In his essay on veiling and seclusion of Central Asian women, Rakhimov presented compelling evidence that disproved the notion that seclusion and veiling were uniquely Islamic practices. The practice of seclusion was common to many religious-cultural traditions. It was practiced in aristocratic circles in India and Byzantium and, in Biblical times, in Palestine, Judea and Babylon. At one time, it was customary for Jewish women to only appear in public if their head was covered, sometimes to the extent that only their eyes showed. Customs of women’s seclusion and veiling were adopted by Islam from pre-Islamic traditions in Persia, Byzantium, and Assyria, and the Byzantines in turn inherited the tradition from the Greeks.[10]

According to a theory proposed by G.A. Pugachenkova, the paranji worn by Central Asian women at the beginning of the twentieth century was conceptually descended from a garment worn by a fertility goddess native to Central Asian religion in pre-Islamic times mixed with Islamic ideas later introduced to the region.[11] He also presented a theory of the paranji as being a form of dress designed with the protection of the individual in mind, protecting the wearer from the sun and hot breezes and having a face net that blocks the wearer (and an infant being carried under the veil) from being exposed to diseases, or imagined evils in the world around her.[12] Regardless of whether or not these theories are accurate, they show that the use of veils and seclusion were not specific to Islam or Islamic societies. In fact, Leila Ahmed argued that there is no justification for veiling in Islam, only instructions for women to guard their private parts and cover their “bosoms” with a scarf, though this view is contested.[13]

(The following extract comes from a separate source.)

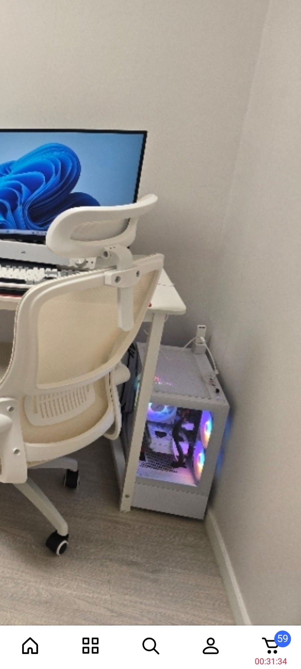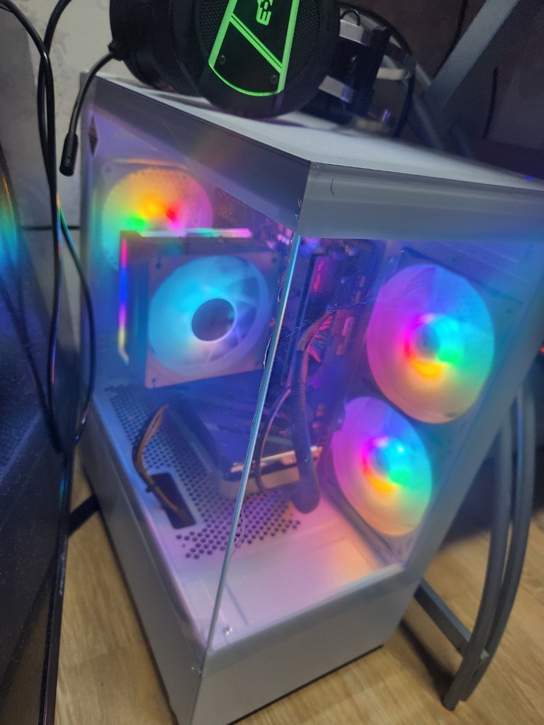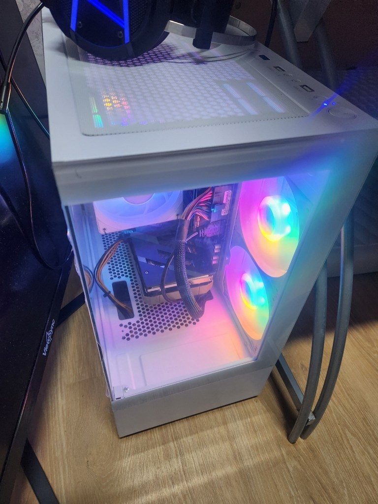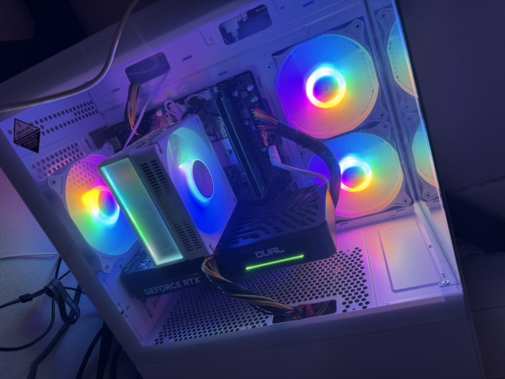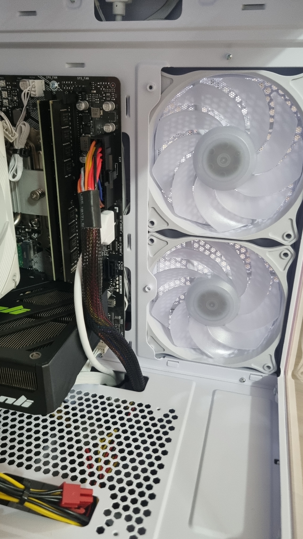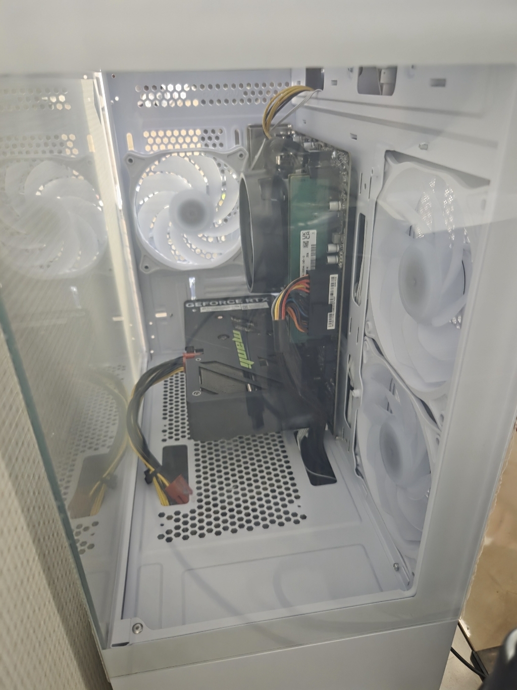 화이트 컬러에 측면 강화유리 + 전면 메쉬 구조라서 깔끔하면서도 내부 RGB가 은은하게 잘 보입니다. 과하지 않은 RGB라서 튜닝 PC 느낌보다는 감성 데스크 셋업에 잘 어울립니다. 책상 옆에 두어도 부담 없고, 전체적인 마감도 가격 대비 꽤 괜찮은 편입니다.

So, why were women chosen as a means of revolutionizing Central Asian society? And why was the veil such a powerful symbol? A framework that may help explain the discourse in Soviet Central Asia regarding women, and even the current discourse on women’s status in Muslim countries in general, is that the interest in the veil is based on “otherness” and colonial needs to subjugate populations, both literally and conceptually. Leila Ahmed wrote that interest in Muslim women grew proportionally as Western nations established themselves as colonial powers in Muslim countries. The focus on women was a fusion of several strands of thought that were developing in the Western world in the latter half of the 1800s. It was a:

“coalescence between the old narrative of Islam … which Edward Said’s Orientalism details… and the broad, all-purpose narrative of colonial domination regarding the inferiority, in relation to the European culture, of all Other cultures and societies… and finally… the language of feminism… [in which] Victorian womanhood and mores with respect to women, along with other aspects of society at the colonial center, were regarded as the ideal and measure of civilization.”[14]

The veil was a powerful symbol because it was highly visible and clearly differed from the norms established by Western, European society, the supposed peak of civilization. Attacking the veil was a means to an end, giving the Soviets the opportunity to point to something visible that they could remove from women’s lives, to give Central Asian women what they imagined was a gift of liberation that they would be eternally grateful for. Marianne Kamp might have called this a flawed understanding of Islamic societies. She wrote that unveiling movements were only successful when initiated by Muslim women, outside of and apart from government intervention, especially when that government was an outside or Western influence. Instances where outside influences were seen to be pushing for unveiling women were seen as attacks on Islamic values.[15]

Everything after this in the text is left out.